In his talk, Matthew related the SDGs to another set of UN goals, the Millennium Development Goals (MDGs) set in 2000. Some MDG achievements are impressive: for example, during 2000–2015, the amount of people living in extreme poverty decreased by nearly a half. At the same time, the MDG experience revealed various issues. Many of them were political obstacles, but on the other hand there were outstanding statistical challenges along the way. For instance, it was only in 2014 that the number of observations for some indicators exceeded 16 for the majority of countries. In addition, some developed countries such as the UK have a “leave no one behind” policy. Under this policy, collected data should include information about every group of people in the area or survey where the survey is conducted. No segregated community should be failing to meet the Global Goals.

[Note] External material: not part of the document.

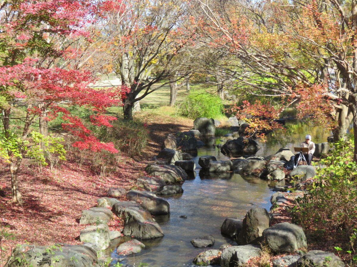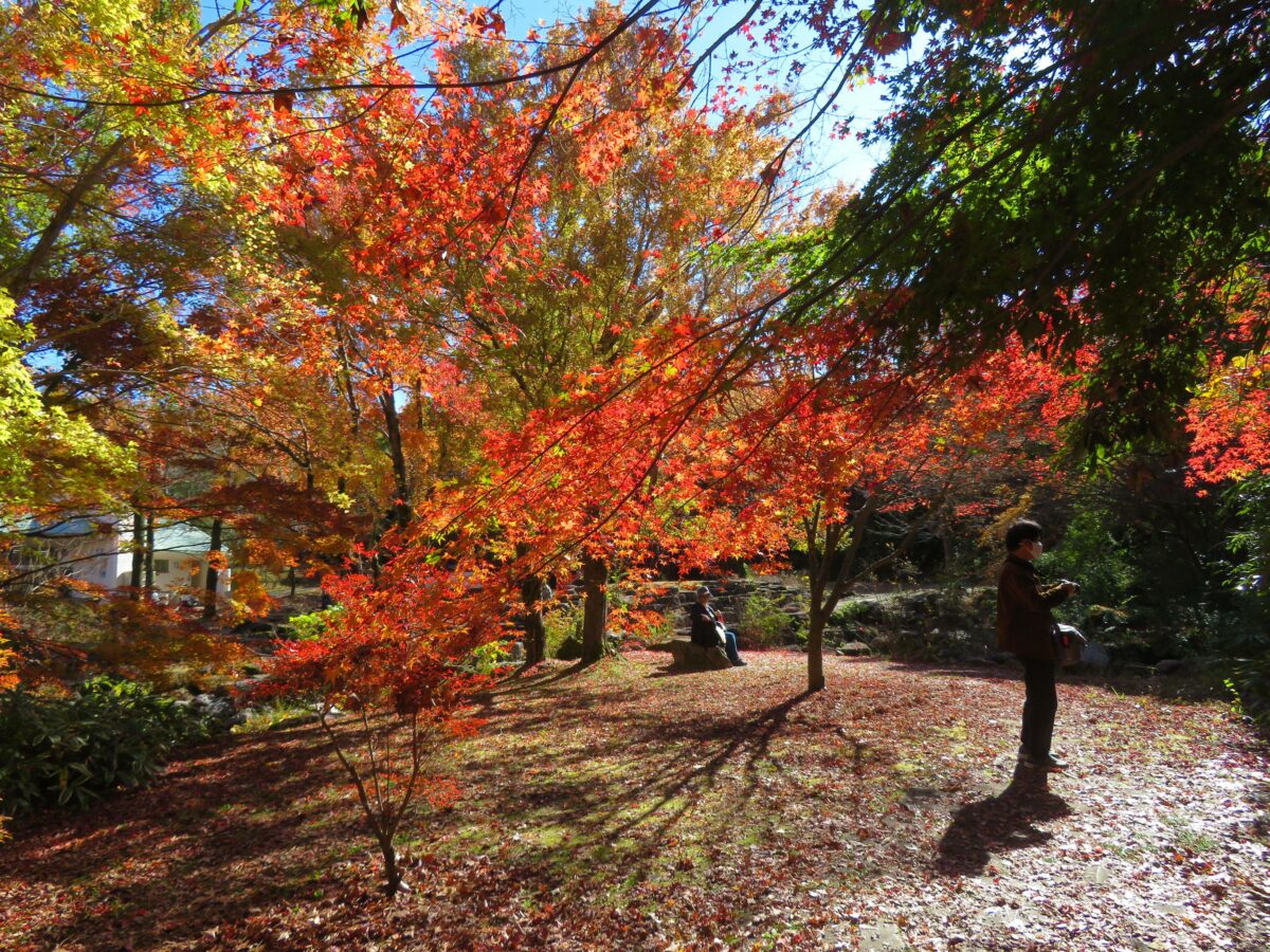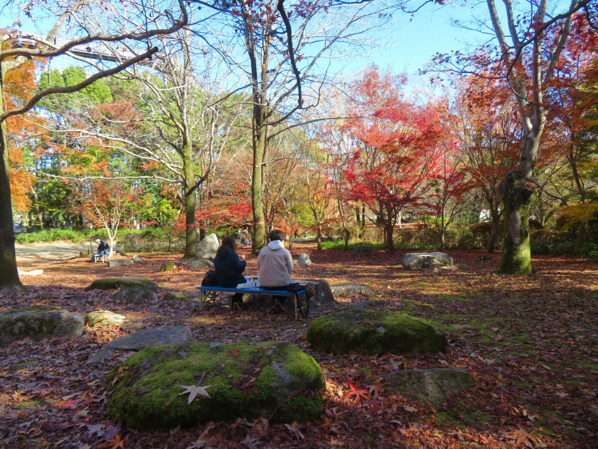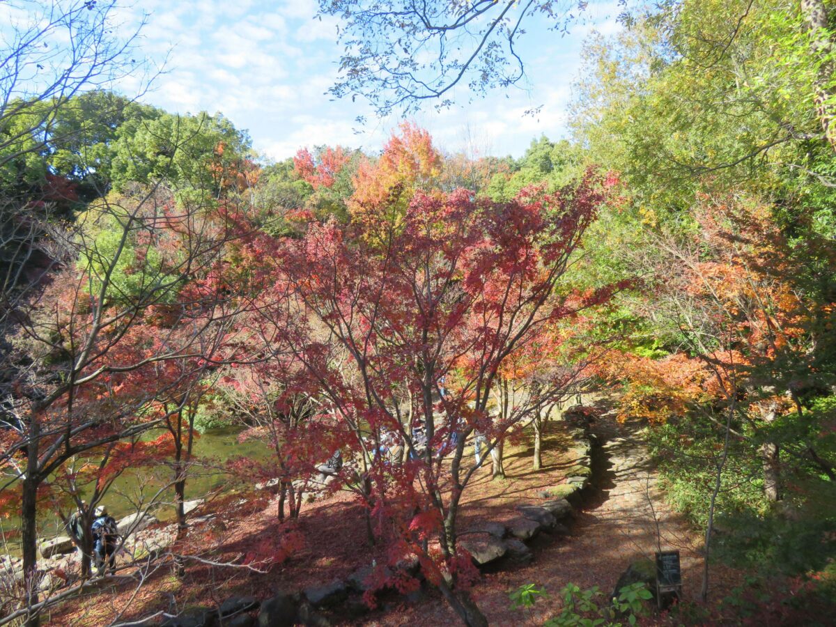 「万葉の里」からは進行方向を東に変え、「日本庭園」に向かいます。「日本庭園」の随所には秋の彩りが溢れ、11月下旬の土日祝日には夜間のライトアップが行われます。

Giving his concluding remarks, Matthew emphasised the importance of global partnership, which has not lost its role in a world of advanced statistical methods and increasing amounts of collected data. How do we write a summary of 200 different indicators? How can one exploit the results on the national and global scales? How can we control for attempts by certain governments to game the system? How do we know that everything possible is being done in order to achieve SDGs in societies where many indicators are improving anyway, regardless of policies undertaken? These and many other issues can be resolved only through worldwide collaboration of governments and internationals organisations.

Thursday 9th March 2017, University of Warwick

Talk summary by Cyril Chimisov (Warwick)

The Arctic tragedy of the Franklin expedition of 1845: statistical and forensic insights

Professor Keith Millar, University of Glasgow

Keith's talk shared the story of a national tragedy: the disastrous 1845 Royal Navy expedition by Captain Sir John Franklin to discover a North-West Passage through the Canadian Arctic. Just decades before Scott's ill-fated Antarctic journey, the Franklin expedition resulted in the deaths of 129 men, though it is a tale perhaps less well-remembered by the public today.

In the mid-19th century, the Arctic was uncharted and unknown. Sir John Barrow, 2nd secretary to the Admiralty, made it his life's work to discover a North-West Passage, which would greatly shorten journey times for shipping. Captain Sir John Franklin was greatly respected at the time, famous as "the man who ate his boots" on an earlier expedition. Two steam auxiliaries, HMS Erebus and HMS Terror set sail on 19 May 1845. They were last sighted in July 1845. Nothing more was heard from the expedition for the next five years.

The Admiralty, facing growing pressure from Lady Franklin, Parliament and the media, eventually offered a £20,000 reward and dispatched several search parties. In 1850, it was discovered that the expedition had wintered on Beechey Island in 1845–46, leaving behind the graves of three crewmen who had succumbed to tuberculosis. It was not until 1854 that Dr John Rae returned from the Arctic with grim news: the entire expedition was lost, and there were even signs the crew had resorted to cannibalism. A note found on King William Island in 1859 revealed the ships had become trapped in ice, and abandoned, with Franklin himself dying on 11 June 1847. It is assumed that all of the crew perished by the winter of 1848.

Several theories have been posited over the years to explain why the expedition failed so catastrophically. High concentrations of lead in skeletal remains point to lead poisoning, perhaps from tinned food, as a cause. However, at the lead levels experienced by Franklin's crew, their mental competency would not be affected significantly more than the general population, which in industrial Victorian Britain was exposed to large amounts of lead. Moreover, the search parties were identically provisioned and faced no such calamity, as analysis of their medical logs (stored in the National Archives) shows. See Swanston et al. (2016) and Christiansen et al. (2016).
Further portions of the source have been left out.